(Extracted data entries)

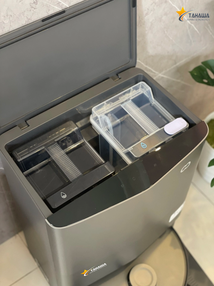 Máy đồng thời tương thích với dock sạc tự động đổ rác. Cùng với việc làm đầy pin, trạm sạc sẽ làm sạch hộp chứa bụi. Nhờ vậy, người dùng không cần tự tháo hộp bụi, đổ rác. Túi đựng bụi của Tahawa TH-A1 Mix có dung tích 2,5 lít, sức chứa dùng đủ 1-2 tháng, giữ kín và ngăn chặn bụi, vi khuẩn... phát tán ngoài không khí.
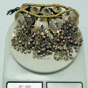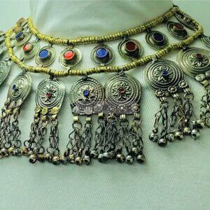 Afghan choker combines rustic elegance with bold, bohemian vibes. The harmonious blend of golden, silver, red, and blue tones creates a captivating contrast that stands out beautifully against any attire. Its traditional Kuchi-inspired design makes it ideal for festive occasions or cultural events, adding a unique flair to your ensemble.
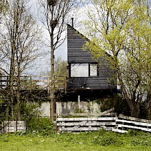 The Stichtse Vecht summer house is located in the countryside of central Holland, in an area called Loosdrecht. It is considered as a kultuur landschap, or cultural landscape, that is shaped by man-made lakes and bogs. The house takes advantage of its surroundings by providing viewpoints that maintain strong visual axes.
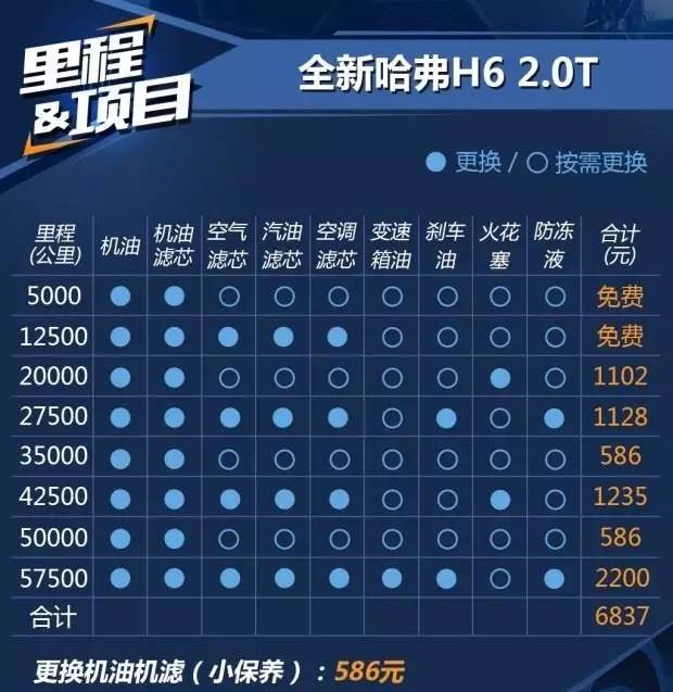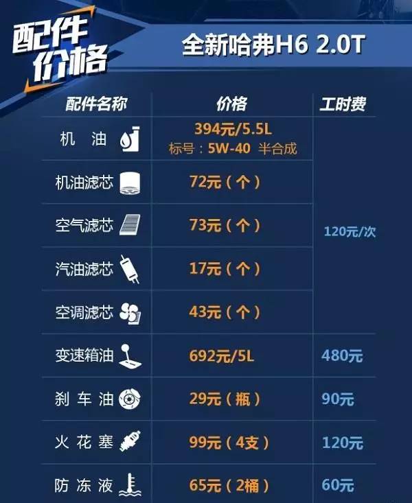 从其保养明细手册上看出总体零件维护周期都挺正常,唯独火花塞和哈弗H6一样,2万公里左右就需要更换,这难道是自主发动机的通病吗?好在原厂的火花塞并不贵,换起来车主也不会有太大痛苦。5万公里总保养花费为4713元,每次小保养的价格为629元,略微偏贵一丢丢。
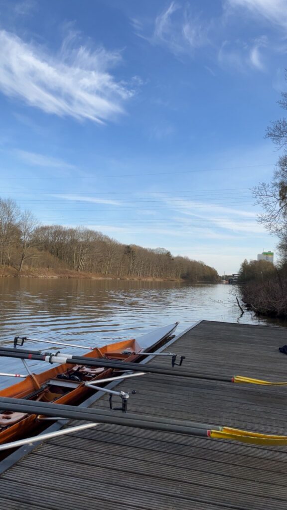 Zusätzlich stand für viele eine kleine Prüfung im Einer an: Während erfahrene Ruderinnen und Ruderer diese problemlos meisterten, stellte sie für Anfängerinnen und Anfänger eine echte Herausforderung dar. Ziel war es, eine etwa 500 Meter lange Strecke bis zur benachbarten Schleuse zu bewältigen – unter Beobachtung des Protektors.

● **TASK ITEM**
Retype the records exactly. Any image in them should not appear in what you write.

● **ANSWER BOX**
 Máy đồng thời tương thích với dock sạc tự động đổ rác. Cùng với việc làm đầy pin, trạm sạc sẽ làm sạch hộp chứa bụi. Nhờ vậy, người dùng không cần tự tháo hộp bụi, đổ rác. Túi đựng bụi của Tahawa TH-A1 Mix có dung tích 2,5 lít, sức chứa dùng đủ 1-2 tháng, giữ kín và ngăn chặn bụi, vi khuẩn... phát tán ngoài không khí.
 Afghan choker combines rustic elegance with bold, bohemian vibes. The harmonious blend of golden, silver, red, and blue tones creates a captivating contrast that stands out beautifully against any attire. Its traditional Kuchi-inspired design makes it ideal for festive occasions or cultural events, adding a unique flair to your ensemble.
 The Stichtse Vecht summer house is located in the countryside of central Holland, in an area called Loosdrecht. It is considered as a kultuur landschap, or cultural landscape, that is shaped by man-made lakes and bogs. The house takes advantage of its surroundings by providing viewpoints that maintain strong visual axes.
 从其保养明细手册上看出总体零件维护周期都挺正常,唯独火花塞和哈弗H6一样,2万公里左右就需要更换,这难道是自主发动机的通病吗?好在原厂的火花塞并不贵,换起来车主也不会有太大痛苦。5万公里总保养花费为4713元,每次小保养的价格为629元,略微偏贵一丢丢。
 Zusätzlich stand für viele eine kleine Prüfung im Einer an: Während erfahrene Ruderinnen und Ruderer diese problemlos meisterten, stellte sie für Anfängerinnen und Anfänger eine echte Herausforderung dar. Ziel war es, eine etwa 500 Meter lange Strecke bis zur benachbarten Schleuse zu bewältigen – unter Beobachtung des Protektors.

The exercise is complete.